During Phase 1 of the experiment, no patient reported any significant symptoms during flight. There were no significant changes in vital signs, and five participants required supplemental oxygen to maintain saturations greater than 88%. Oxygen saturation did not change with exercise. On chest x-ray, the average baseline pneumothorax size was 4.5 mm; at altitude, it was 10 mm. On the follow-up chest x-ray, there was no significant size difference as compared to the baseline chest x-ray done before the flight. Interestingly, patients who started with an O2 saturation of >93–94% did not require supplemental oxygen, while those in the lower 90s mostly did. These lower saturations can be explained by the fact that many of the patients also had concomitant rib fractures, pulmonary contusions, or laparotomies, which would adversely affect their pulmonary function.

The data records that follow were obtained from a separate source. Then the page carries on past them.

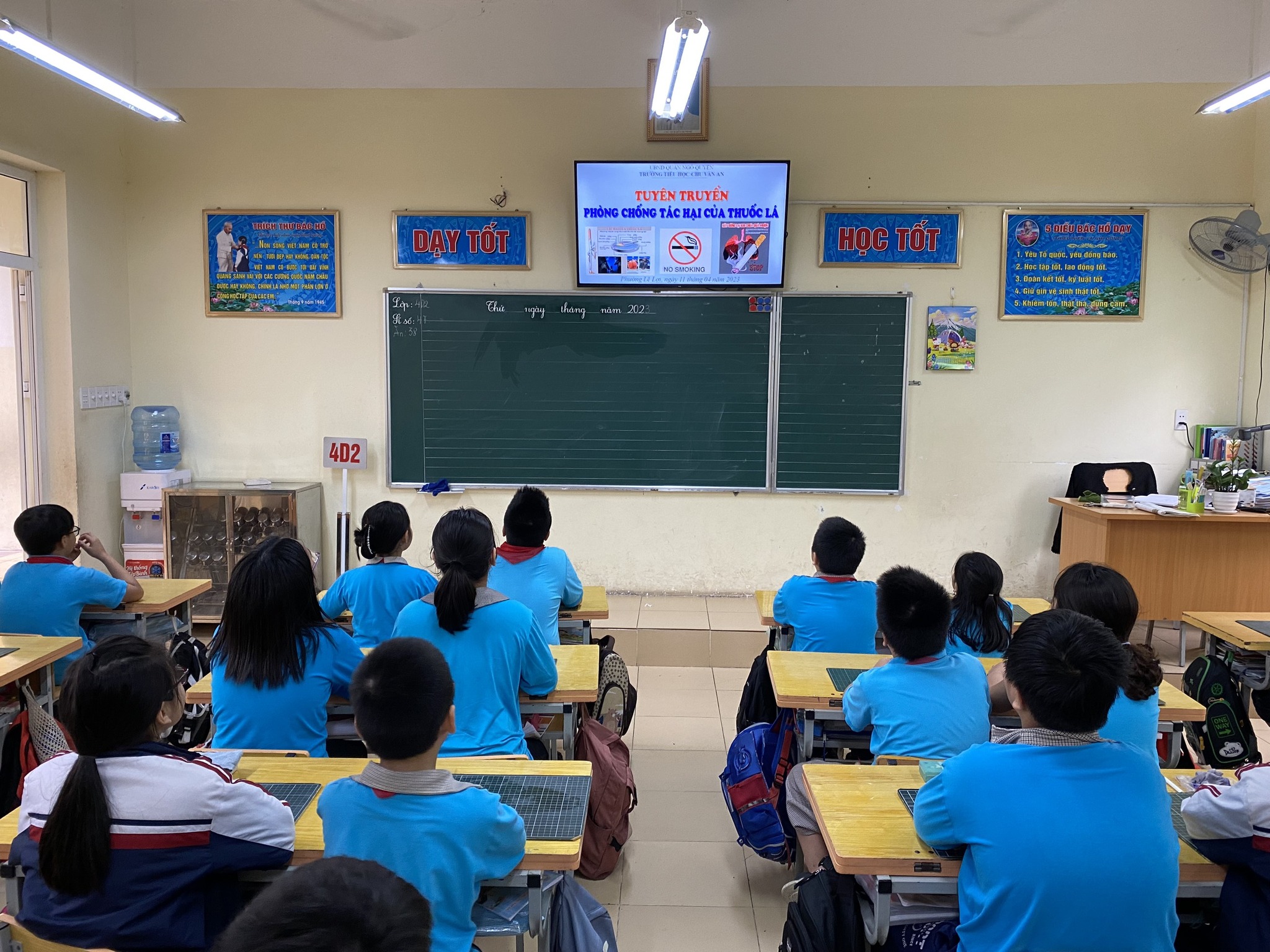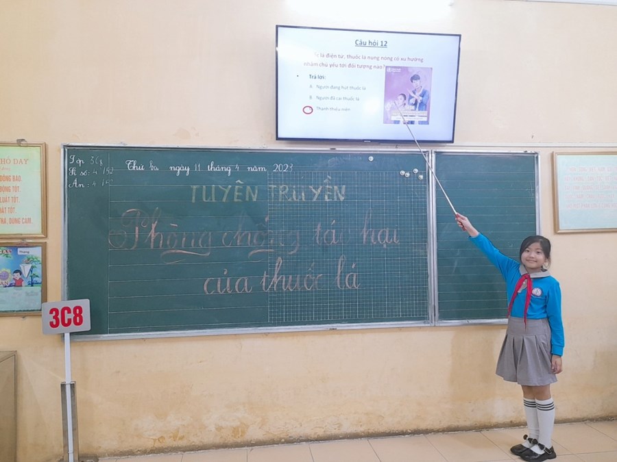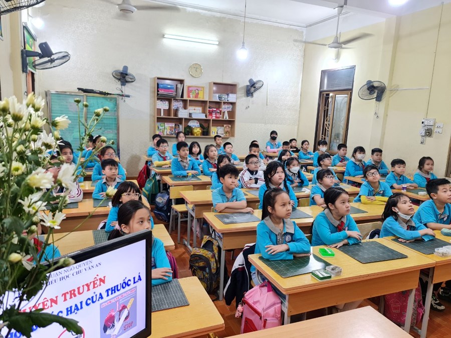 Để giúp trường học triển khai tốt công tác tuyên truyền, giáo dục phòng chống tác hại của thuốc lá và đặc biệt là thuốc lá mới. Ngày 11/4/2023, Liên đội trường tiểu học Chu Văn An tổ chức tuyên truyền về phòng chống tác hại thuốc lá tại các lớp học. Tại buổi tuyên truyền, toàn thể học sinh nhà trường đã được các cô giáo chủ nhiệm thông tin về thực trạng của việc hút thuốc lá ở Việt Nam; tình trạng hít khói thuốc lá thụ động; những nguy cơ mắc phải khi hút thuốc và hít phải khói thuốc lá; tác hại của hút thuốc lá, đặc biệt hút thuốc lá điện tử trong thanh thiếu niên… Đồng thời cung cấp thêm nhiều kiến thức về Luật Phòng, chống tác hại của thuốc lá, quy định xử phạt vi phạm pháp luật trong phòng chống tác hại thuốc lá.
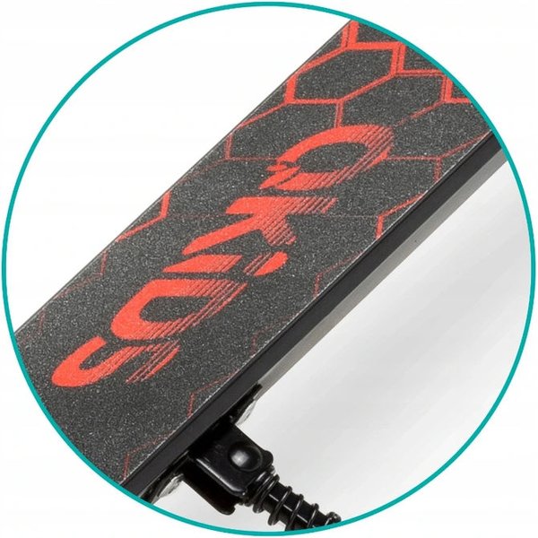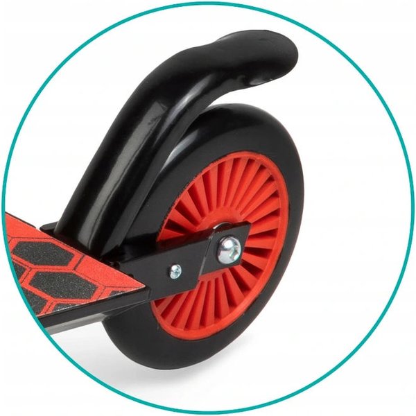 d warunków nawierzchni. Hulajnoga posiada również wzmocniony podest, który pozwoli dziecku stanąć pewnym krokiem stanąć na niej i ruszyć przed siebie.
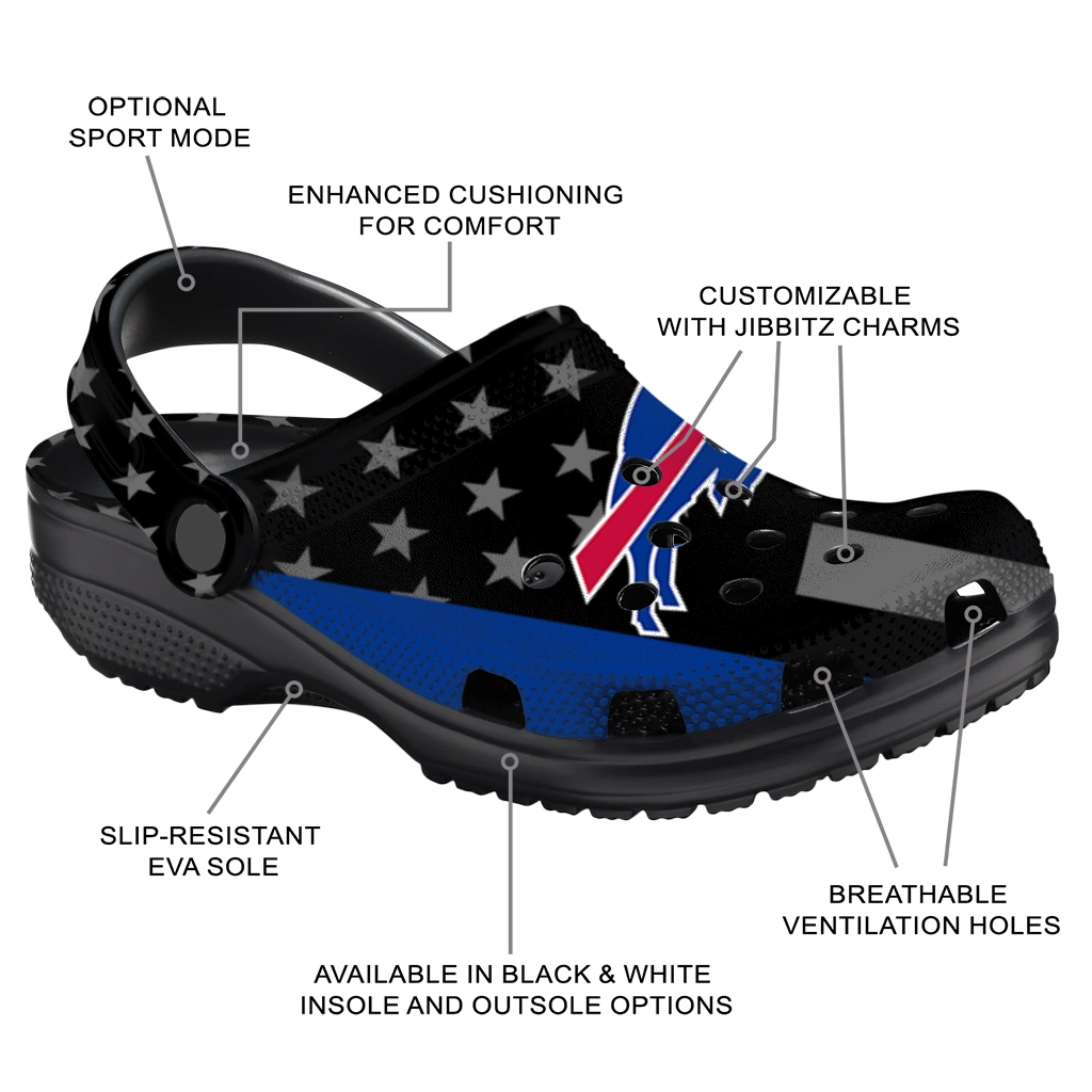 Show your spirit with the ultimate comfort clog! The All-Star Spirit Comfort Clogs – Buffalo Bills Stellar Stripes Theme Clogs are designed to keep pace with your active life while showcasing your love for the game. We’ve combined featherlight EVA material with bold, team-inspired color patterns! These clogs are a home run for versatility, offering slip-on ease, breezy comfort, and a vibrant look that travels effortlessly from the stadium parking lot to your sofa. What an easy way to cheer on your team!
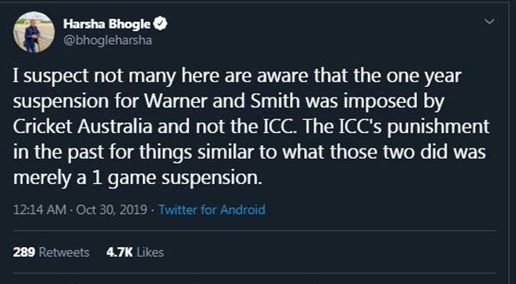 মঙ্গলবার (২৯ অক্টোবর) এক টুইটে তিনি ভক্তদের উদ্দেশে বলেন, আমার সন্দেহ, অনেকেই অবগত নয় যে, ওয়ার্নার ও স্মিথের ওপর নিষেধাজ্ঞা দিয়েছিল ক্রিকেট অস্ট্রেলিয়া, আইসিসি নয়। তারা যে অপরাধ করেছে অতীতে এ ধরনের কর্মকাণ্ডের জন্য সাজা ছিল বড়জোর এক ম্যাচ বহিষ্কার।

During Phase 2 of the experiment, one patient reported mild transient chest pain during his exercise challenge, which was believed to be secondary to rib fractures. There were no significant changes to the patient’s vital signs during the study. Oxygen saturations did drop on average from 96% to 89% during exercise, but oxygen supplementation levels did not change. The average baseline size of the pneumothorax in this group was 3.2 mm; it was 8.7 mm at altitude. Four patients did not have a visible pneumothorax at baseline, but three patients developed one at altitude. No patients developed tension physiology or required any intervention during this experiment. Chest x-ray after the Phase 2 “flight” showed no difference compared to the baseline. The limitation of the study is that it was performed at altitude at the Murray Center and had a small group of subjects. Still, while 25% of the study’s participants did require supplemental oxygen at a simulated cruising altitude, there did not appear to be the drastic effects from pneumothorax expansion that one might expect. This also possibly suggests that underlying pulmonary function (as expressed by O2 saturation) might be more important than the presence of a pneumothorax in decisions about clearing a patient for flight. What would still need to be teased out from this experiment is whether the transient exercise hypoxemia seen in Phase 2 was related to pneumothorax expansion or the absolute altitude to which the patients were exposed.
Another study in 2014 out of Anchorage, AK, performed a retrospective review of 80 patients who sustained a traumatic pneumothorax and were allowed to fly home less than 14 d after injury.10 Because Alaska is a vast state with minimal infrastructure, the majority of transportation is performed by boat, snowmobile, commercial flight, and bush plane. As such, the Alaskan Native Medical Center, a Level 2 trauma center, has routinely allowed patients to fly home after treatment for traumatic pneumothoraces. In their review, they looked at patients who had a traumatic pneumothorax or hemopneumothorax. They identified 80 patients who met their inclusion criteria, 75 of whom required chest tube drainage and 5 of whom were observed with occult pneumothoraces. The current protocol at the medical center is to obtain a chest x-ray 4 h after tube removal, and, if stable, the patient may be discharged or remain in the hospital. If the patient remains in the hospital, a follow-up chest x-ray is performed 24 h later, and, if stable, the patient may then fly home. If the patient is discharged, they return to clinic 2 d later for a follow-up chest x-ray, and, if stable, they are then allowed to fly home. Of the 75 patients treated with a chest tube, 10 had small residual pneumothoraces at the time of flight. Of the patients included in the study, 77% flew home within 9 d of chest tube removal. What is important to note is that 46 patients flew within 1 wk of chest tube removal, and 14 flew within 2 d. None of the 80 patients who flew encountered any complications. One limitation of the study is that it does not mention the type of air travel (e.g., bush plane or commercial air), flight duration, or cruising altitude. As the majority of bush planes are nonpressurized, and the topography of Alaska includes numerous tall mountain ranges surrounding Anchorage, it is possible that some of these patients were exposed to significant hypobaric conditions during their air travel.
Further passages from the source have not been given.